MemSifter-4B-Thinking Overview
MemSifter-4B-Thinking is a 4 billion parameter generative session ranker developed by zstanjj, designed to enhance LLM memory retrieval. It functions as the core retrieval component within the MemSifter framework, which offloads memory retrieval through outcome-driven proxy reasoning. The model's primary role is to perform fine-grained reranking of candidate conversation sessions, which have been pre-filtered by a dense embedding model like bge-m3.
Key Capabilities
- Generative Reranking: Excels at re-ordering conversational sessions to surface the most relevant ones for a given user query.
- Reinforcement Learning: Fine-tuned using the DAPO (Deep Actor-Proxy Optimization) algorithm, incorporating a task reward that combines marginal utility and rank-sensitive rewards.
- Context Optimization: Designed to provide highly relevant context to downstream chat LLMs, improving their performance in conversational memory tasks.

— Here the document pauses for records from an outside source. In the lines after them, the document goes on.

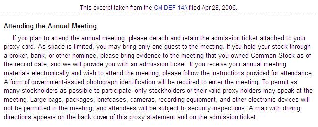 To attend you have to be a stockholder and register to attend. Here is the sheet with all of the information you need to fill out and submit in advance. Shown in the graphic box is what you receive back. Note that cameras are not permitted.
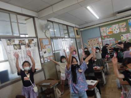 6年生が作ってくれた全校ダンスのビデオを見て,みんなで練習しました。音楽がなるとのりのりで練習しています。
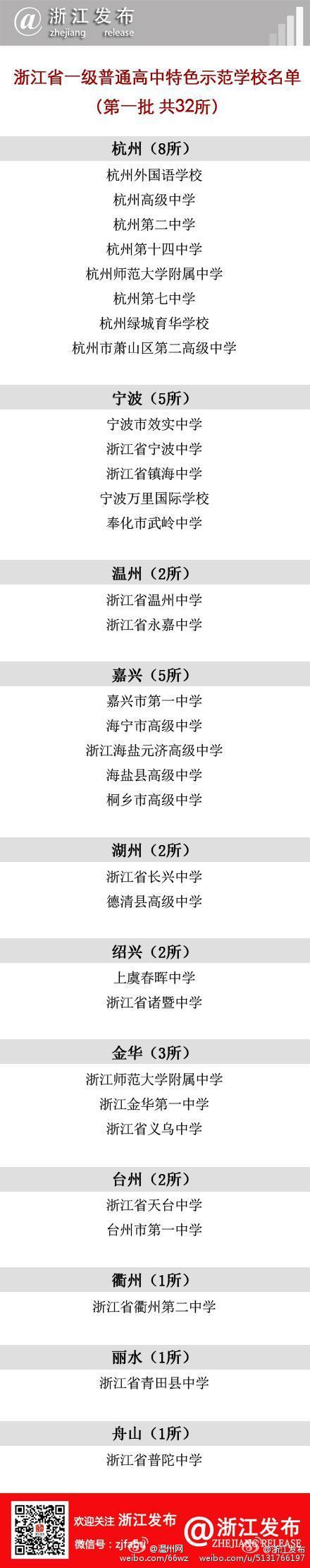 日前,省教育厅公布了13所学校为省一级普通高中特色示范学校。这13所学校分别是:慈溪中学、温州第二高级中学、瓯海中学、吴兴高级中学、绍兴市柯桥区柯桥中学、上虞中学、义乌市义亭中学、浦江中学、台州中学、温岭中学、衢州高级中学、江山中学、舟山中学。
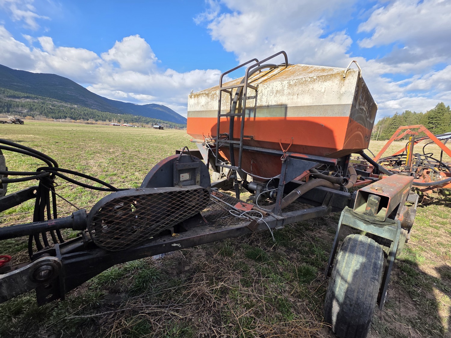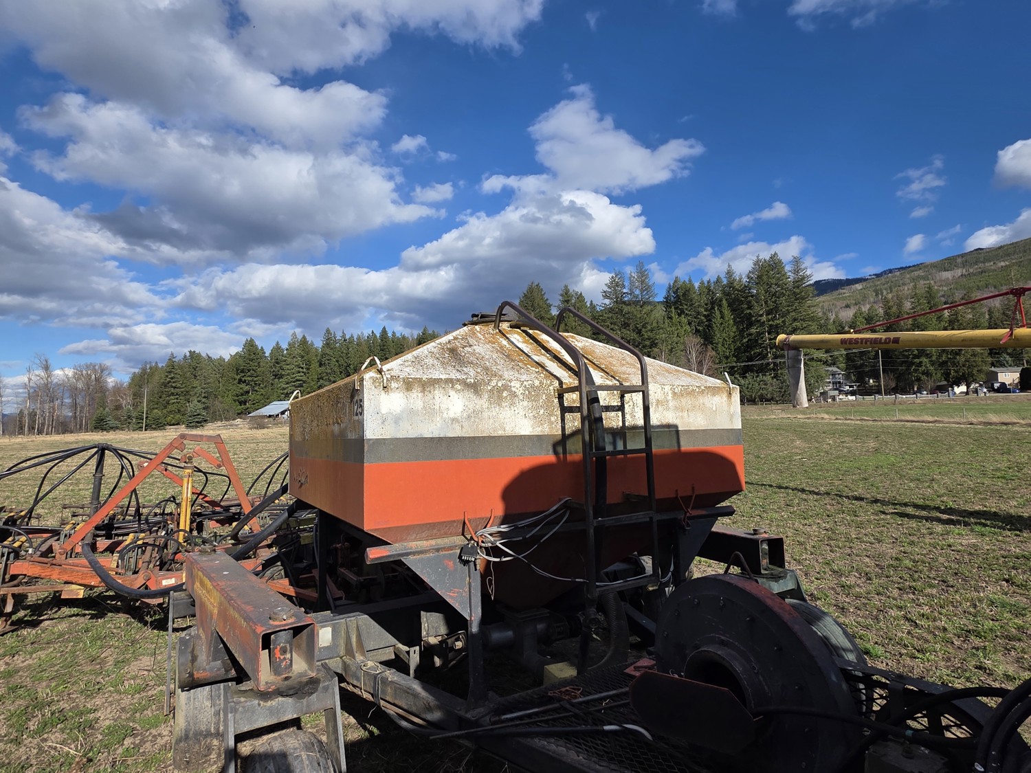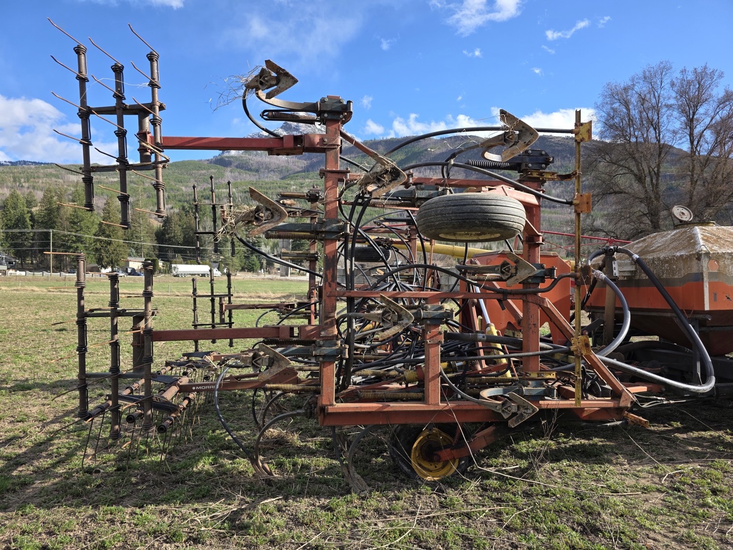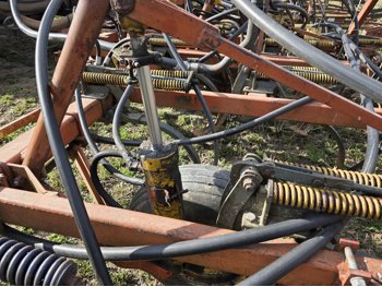 Air Cart: 2 compartments, 28.6' wide with 12.7 inch spacing between harrow tines, 11L-15SL front tires, 11L-15SL rear tires

- System Integration: Operates as the second stage in a three-stage pipeline: Session Embedding → Session Ranking (MemSifter) → Chat LLM.
Training Details
MemSifter-4B-Thinking is fine-tuned from Qwen3-4B. Its training data is bootstrapped from the MemSifter embedding pipeline across multiple conversational memory benchmarks (e.g., LoCoMo, LongMemEval, PersonaMem), utilizing NDCG-based anchor sampling to construct RL training trajectories.
Usage
The model outputs a chain-of-thought within <think>...</think> tags and a comma-separated session ranking within <ranking>...</ranking> tags, facilitating its integration into retrieval-augmented generation (RAG) systems.